Сели за сосновый стол, выкрашенный зеленой краской, и женщина принесла гостю чашку молока. Он чуть ли не забыл уже, что люди иногда пьют молоко. Чиркнув спичкой, поднесла ее к кольцевому фитилю керогаза, отрегулировала пламя и поставила на него кастрюльку, а когда вода закипела, одно за другим с ложки опустила туда яйца и вновь накрыла ее крышкой. Слепой мужчина сидел прямо и напряженно. Как будто это он был гостем в собственном доме. Когда яйца сварились, женщина переложила их, курящиеся
— Le gustan los blanquillos?[416] — сказал слепой.
— Si. Claro.[417]
Посидели. Яйца в миске исходили паром. Свет керосиновой лампы, на которой не было абажура, делал их лица похожими на маски, висящие в воздухе.

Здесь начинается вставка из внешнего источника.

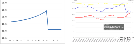 依次类推,我们将不同剩余到期时间的该期权合约合理隐含波动率绘制如左下图所示。我们将今年十一长假前后期权隐含波动率走势置于右下图以便于观察,左右对比便可发现二者隐含波动率在事件(或长假)前缓慢上升、事件(或长假)后快速下降的特征高度一致。

— Digame, — сказал слепой. — ?Que novedades tiene?[418]
Билли сказал, что в этой стране он для того, чтобы вернуть лошадей, украденных у его родителей. Сказал, что путешествует с братом, но сейчас с ним в разлуке. Слепой слушал, наклонив голову. Спросил, что нового слышно о революции, но таких новостей у мальчика не было. Затем слепой сказал, что хотя в их краях вроде бы все спокойно, это не обязательно добрый знак. Мальчик покосился на женщину. Женщина серьезно кивнула. Похоже, она относилась к мужу с большим почтением. Билли взял из миски яйцо, разбил скорлупу о край и начал чистить. Пока он ел, женщина завела рассказ об их жизни.
Она сказала, что ее слепой муж происходит из простой семьи. Имеет «origenes humildes»,[419] как она выразилась. А глаз своих он лишился в лето Господне одна тысяча девятьсот тринадцатое, в городе Дуранго.{70} До этого он уехал на восток (это еще в конце зимы было), вступил в отряд Макловио Эрреры,{71} и третьего февраля, после сражения у Намикипы, они взяли город. В апреле он воевал на подступах к Дуранго в рядах повстанцев под командованием Контрераса и Перейры.{72} В арсенале федералистов они нашли древнюю, французского литья полукулеврину-дрейк,{73} к которой его как раз и приставили. Город они не взяли. Он мог бы спастись, продолжала женщина, но не оставил свой пост. И попал в плен наряду со многими другими. Пленным дали возможность присягнуть на верность правительству, а тех, кто отказался, ставили к стенке и без долгих проволочек расстреливали. Среди них были люди разных национальностей. Американцы, англичане, немцы… Были и те, кто приехал из стран, о которых здесь и слыхом не слыхивали. Но и они отправлялись к стенке и там умирали под градом винтовочного свинца и в жутком дыму. Они беззвучно падали друг на друга, выпачкав кровью своих сердец штукатурку сзади. Он видел это.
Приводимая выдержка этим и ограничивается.